*** Source material ***
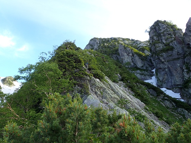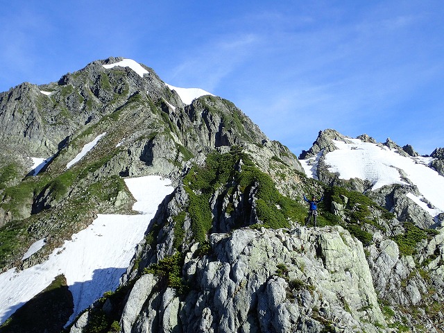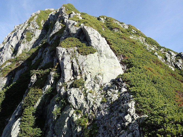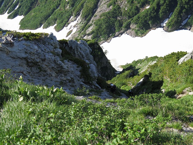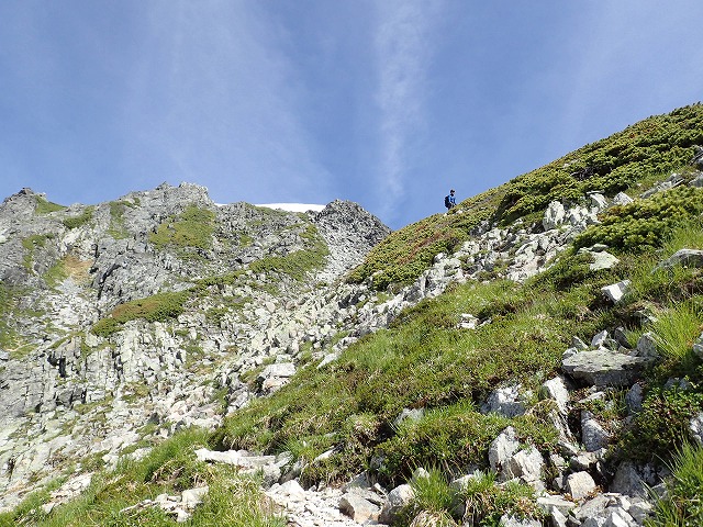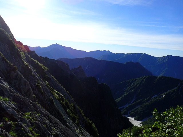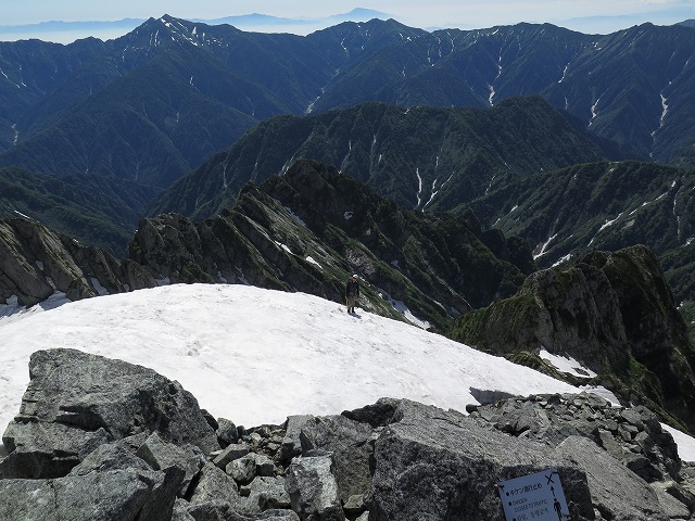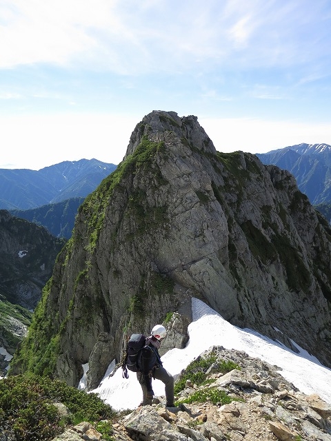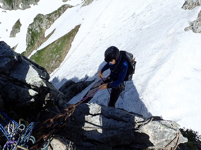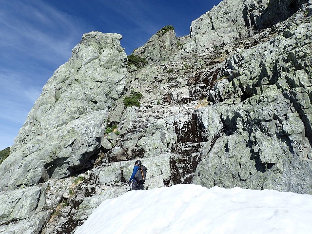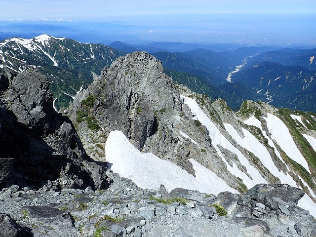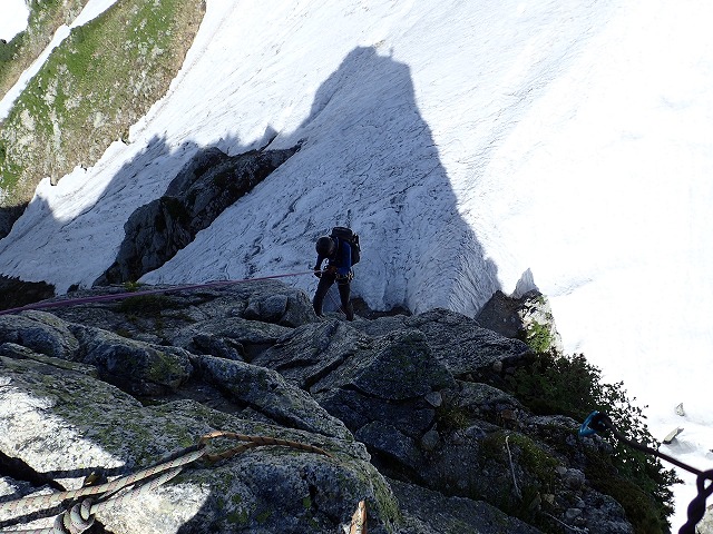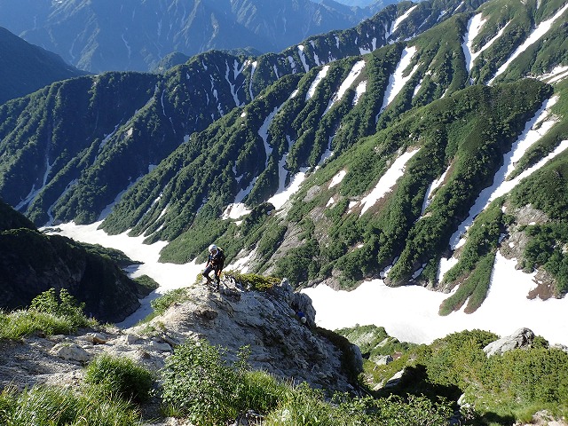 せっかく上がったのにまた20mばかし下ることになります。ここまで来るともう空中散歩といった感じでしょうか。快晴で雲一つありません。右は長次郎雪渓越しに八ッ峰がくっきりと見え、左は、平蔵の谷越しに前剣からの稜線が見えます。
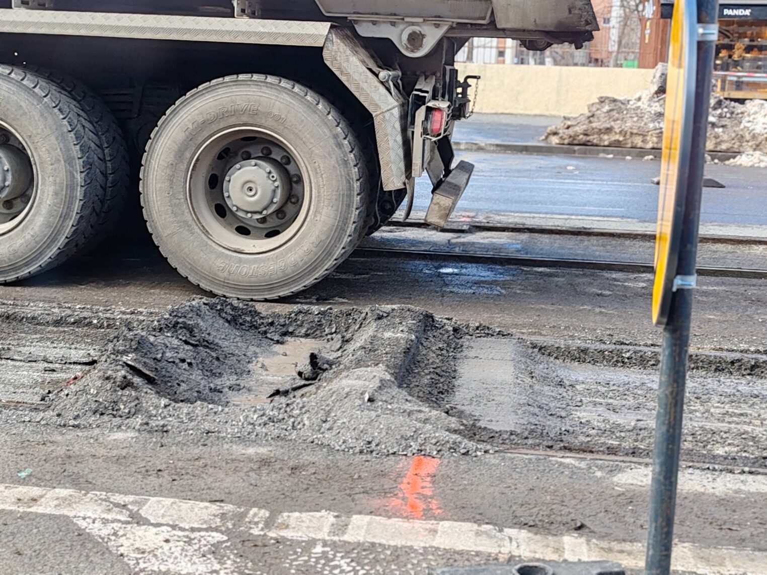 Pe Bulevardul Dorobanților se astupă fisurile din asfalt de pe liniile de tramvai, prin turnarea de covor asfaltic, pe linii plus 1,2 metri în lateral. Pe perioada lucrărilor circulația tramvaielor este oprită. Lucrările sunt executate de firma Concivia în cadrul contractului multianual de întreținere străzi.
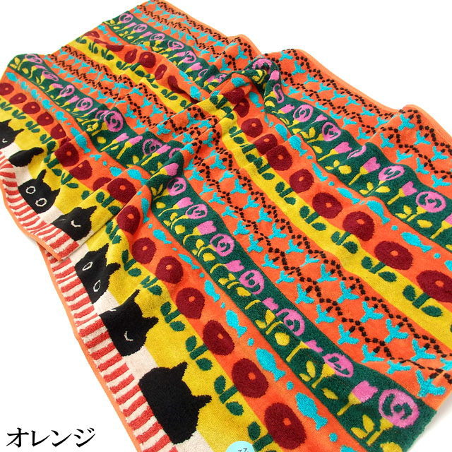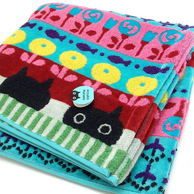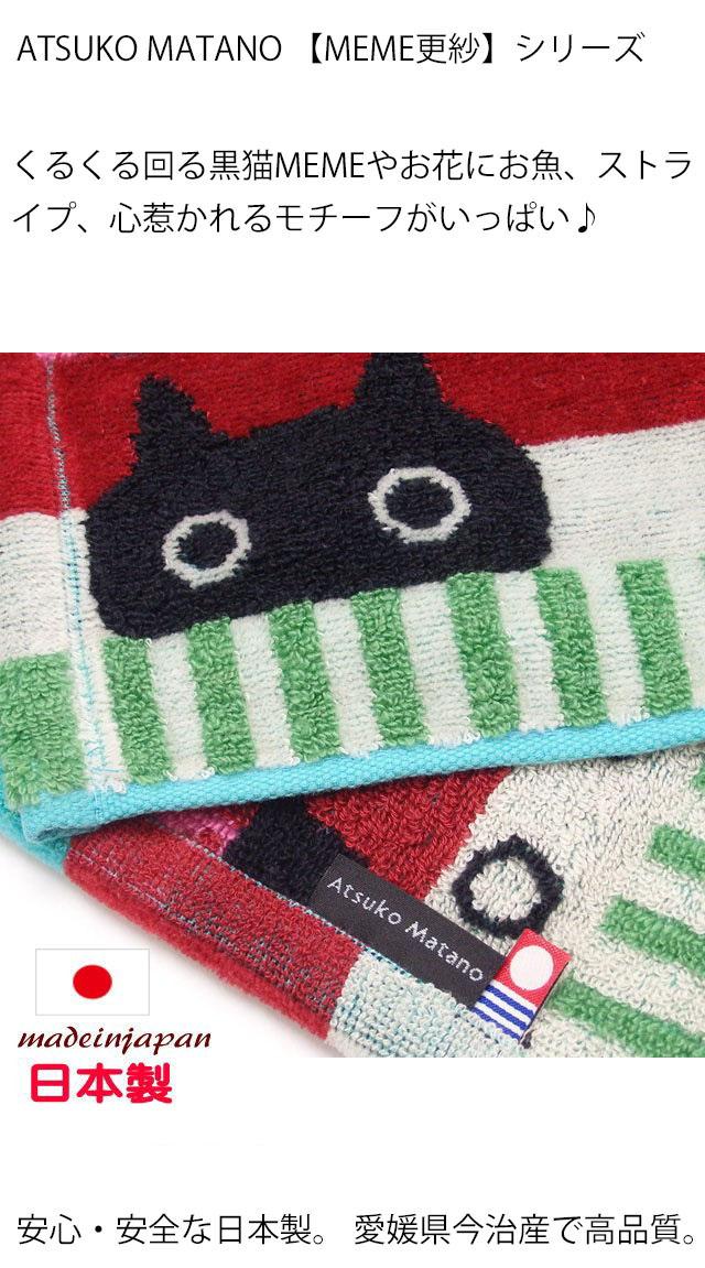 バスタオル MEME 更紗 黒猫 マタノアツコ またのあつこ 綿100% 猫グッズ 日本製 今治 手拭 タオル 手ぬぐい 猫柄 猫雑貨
***
*** Source material ***
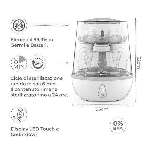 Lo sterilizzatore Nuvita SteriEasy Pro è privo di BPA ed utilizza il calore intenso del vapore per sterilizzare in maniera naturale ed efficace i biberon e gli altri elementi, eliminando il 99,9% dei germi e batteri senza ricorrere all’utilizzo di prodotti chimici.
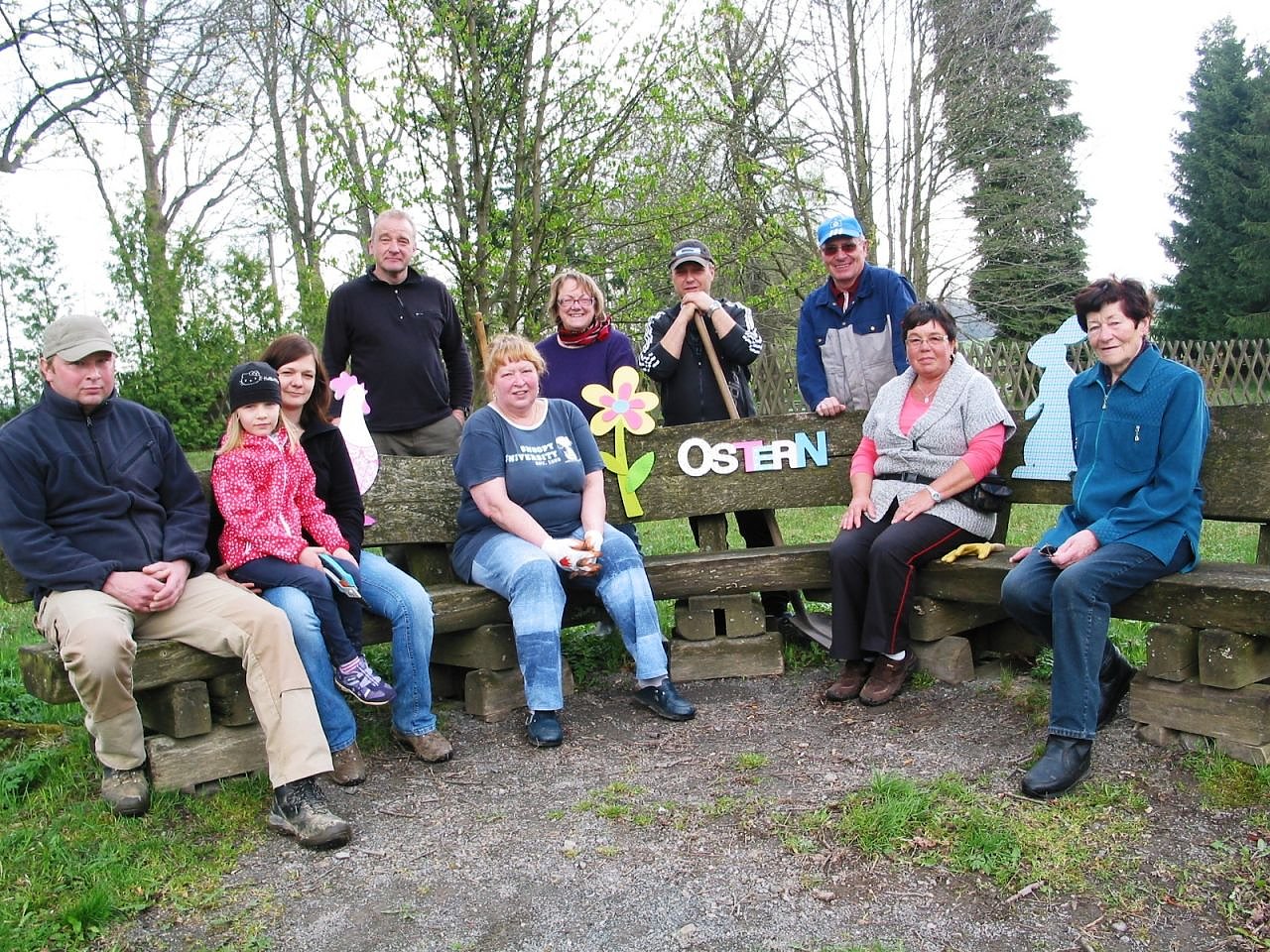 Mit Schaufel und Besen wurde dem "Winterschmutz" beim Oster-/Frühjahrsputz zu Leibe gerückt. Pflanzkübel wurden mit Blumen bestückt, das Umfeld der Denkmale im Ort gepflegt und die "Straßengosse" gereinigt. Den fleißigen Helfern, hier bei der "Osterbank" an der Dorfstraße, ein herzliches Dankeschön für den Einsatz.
***
### Required action
Within the listing above, the lines from the one with "せっかく上がったのにまた20" through the one with "バスタオル MEME 更紗" are to be given again word for word. Do not include pictures.

### Response below
 せっかく上がったのにまた20mばかし下ることになります。ここまで来るともう空中散歩といった感じでしょうか。快晴で雲一つありません。右は長次郎雪渓越しに八ッ峰がくっきりと見え、左は、平蔵の谷越しに前剣からの稜線が見えます。
 Pe Bulevardul Dorobanților se astupă fisurile din asfalt de pe liniile de tramvai, prin turnarea de covor asfaltic, pe linii plus 1,2 metri în lateral. Pe perioada lucrărilor circulația tramvaielor este oprită. Lucrările sunt executate de firma Concivia în cadrul contractului multianual de întreținere străzi.
 バスタオル MEME 更紗 黒猫 マタノアツコ またのあつこ 綿100% 猫グッズ 日本製 今治 手拭 タオル 手ぬぐい 猫柄 猫雑貨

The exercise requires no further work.